→ Task prompt
Give again, unaltered, the lines of the listing below that run from the line having "Dne 28. 11." through the line having "연세교육행동위원회와 연세자치행동연대에서 학벌없는".
::: Data excerpts :::
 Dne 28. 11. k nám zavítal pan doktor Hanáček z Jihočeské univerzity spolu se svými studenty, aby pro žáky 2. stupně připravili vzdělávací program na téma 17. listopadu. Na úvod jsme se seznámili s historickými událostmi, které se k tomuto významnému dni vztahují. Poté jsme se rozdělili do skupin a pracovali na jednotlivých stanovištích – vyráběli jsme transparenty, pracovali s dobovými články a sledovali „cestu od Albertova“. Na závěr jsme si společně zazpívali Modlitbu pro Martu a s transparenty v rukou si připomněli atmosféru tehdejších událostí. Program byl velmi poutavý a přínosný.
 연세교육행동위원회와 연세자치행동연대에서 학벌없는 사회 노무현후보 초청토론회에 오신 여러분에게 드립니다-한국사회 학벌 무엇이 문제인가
:::
::: Data excerpts :::
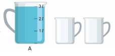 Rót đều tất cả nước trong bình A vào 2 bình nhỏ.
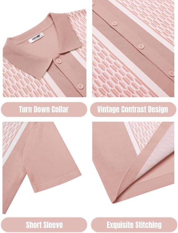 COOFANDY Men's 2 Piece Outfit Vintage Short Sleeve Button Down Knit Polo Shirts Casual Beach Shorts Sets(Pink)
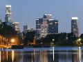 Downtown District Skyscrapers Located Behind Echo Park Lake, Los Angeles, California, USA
:::
→ Final answer
 Dne 28. 11. k nám zavítal pan doktor Hanáček z Jihočeské univerzity spolu se svými studenty, aby pro žáky 2. stupně připravili vzdělávací program na téma 17. listopadu. Na úvod jsme se seznámili s historickými událostmi, které se k tomuto významnému dni vztahují. Poté jsme se rozdělili do skupin a pracovali na jednotlivých stanovištích – vyráběli jsme transparenty, pracovali s dobovými články a sledovali „cestu od Albertova“. Na závěr jsme si společně zazpívali Modlitbu pro Martu a s transparenty v rukou si připomněli atmosféru tehdejších událostí. Program byl velmi poutavý a přínosný.
 연세교육행동위원회와 연세자치행동연대에서 학벌없는 사회 노무현후보 초청토론회에 오신 여러분에게 드립니다-한국사회 학벌 무엇이 문제인가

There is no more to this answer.